Romantic Period (1820–1910)

Program Music


Recall that program music was written to tell a story, create a picture, or express a specific idea. The concept of program music, while not new, was perfectly suited to the Romantic ideals of the period. Music compositions relating heroic feats, faraway lands, and bizarre or uncommon life experiences and human relationships became standard themes of many works during the era. Many of these pieces continue to be very popular and are frequently included in the recordings and standard repertoire of orchestras and recitalists.

Hector Berlioz


Hector Berlioz

Hector Berlioz

Berlioz was one of the first famous composers who didn't come from a musical family. He was expected to follow in his father's footsteps and become a doctor, but his interest in music quickly surpassed his interest in medicine. Berlioz was not a particularly talented performer on any instrument; furthermore, one of the only music-related jobs he ever held was music librarian at the Paris Conservatory. He would, however, compose music and then arrange concerts to perform his compositions. Berlioz only composed in large forms, writing nothing for soloists or chamber ensembles. He was also a music journalist and wrote a famous book on the rules and conventions of orchestration.
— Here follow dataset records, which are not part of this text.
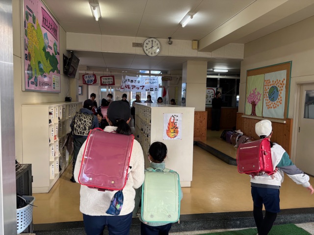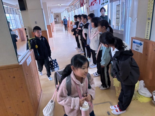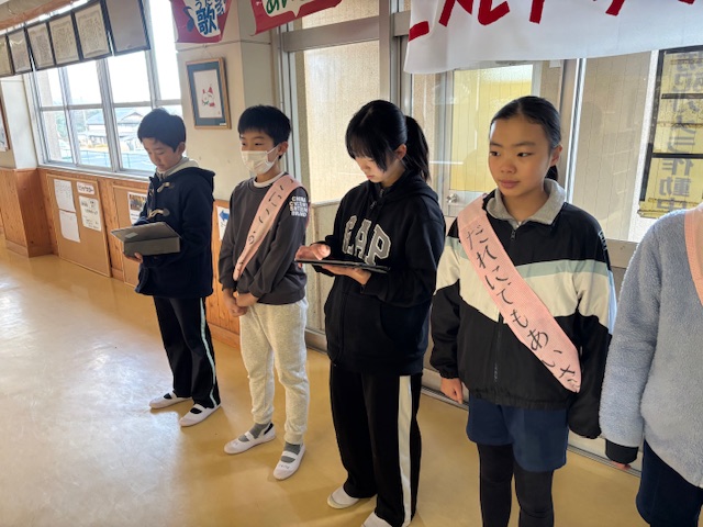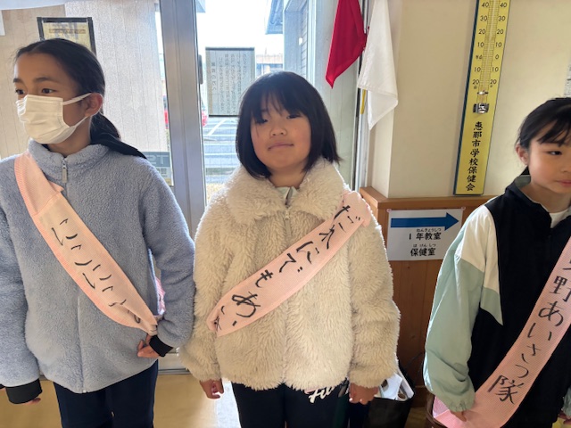 今朝は、児童会の挨拶運動、たすきをかけた児童会のメンバーが児童玄関に集合して、全校に挨拶を呼びかけました。
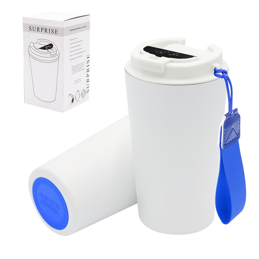 Термокружка Surprise To Go с индикатором, Белый/ синий
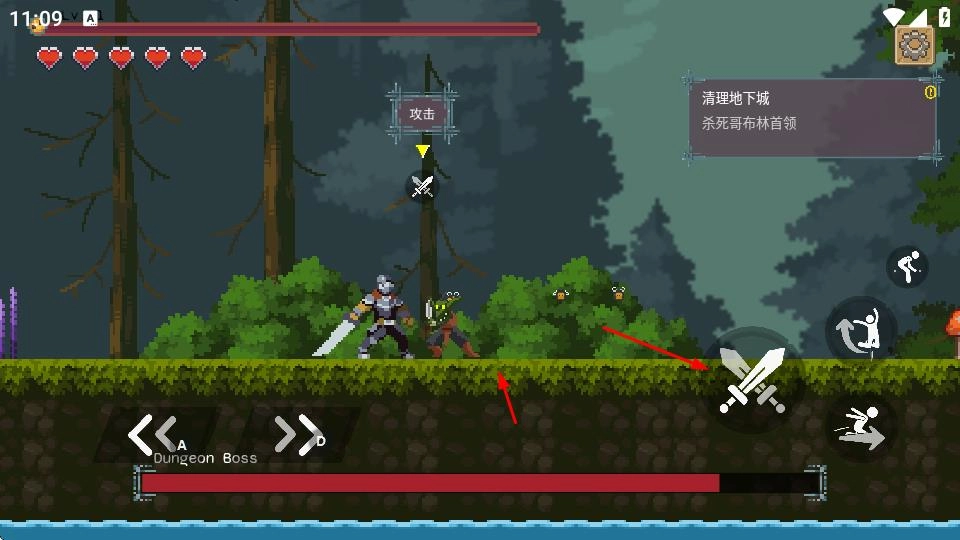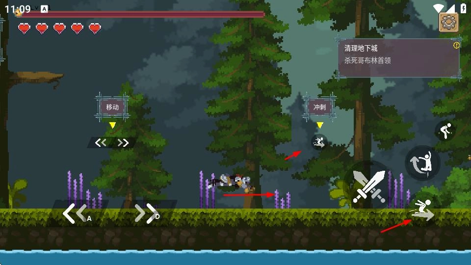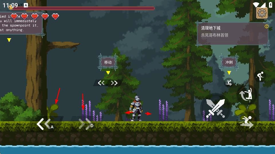 在森林这类场景里,你可以用左边的AD键来操控角色移动,点击右侧的冲刺按钮还能让角色快速前进,借此灵活调整走位去探索整个场景。

The Symphonie Fantastique (Fantastic Symphony) is the ultimate autobiographical Romantic program work. It represents five episodes in the life of a lovesick, obsessed musician who, to top things off, is under the influence of opium throughout. In true Romantic fashion, his love is unrequited; therefore, in a raging fit of jealousy, he kills his beloved. For this act, he is sentenced to be executed at the guillotine. "March to the Scaffold" represents this moment, complete with a sinister, gloomy, funeral procession, in the middle of which, the young artist has time to think one last time of his beloved, represented musically by an idée fixe.

Composer: Hector Berlioz

  • "Symphonie Fantastique, Op. 14: IV. March To The Scaffold"

The Virtuosos


In every age there have been virtuoso performers. Vivaldi and Bach were considered virtuosos in their time, as were Mozart and Beethoven in theirs. The standards and expectations of one time period are bested by the next, as competition compels musicians to outdo one another. During the 19th century, two remarkable musicians reached such a degree of mastery over their instruments that, to this day, their names are still synonymous with virtuosity: Niccolò Paganini and Franz Liszt.

Niccolò Paganini


Niccolo Paganini (1782-1840), c. 1819, by Jean Ingres (1780-1867)

Niccolo Paganini (1782-1840), c. 1819, by Jean Ingres (1780-1867)

The virtuoso who set the standard for all performers to follow was violinist Niccolò Paganini. In addition to his ability to play incredibly fast and complicated musical passages, Paganini was a consummate showman. He is said to have commented one time, “I am not handsome, but when I play music, women throw themselves at my feet.”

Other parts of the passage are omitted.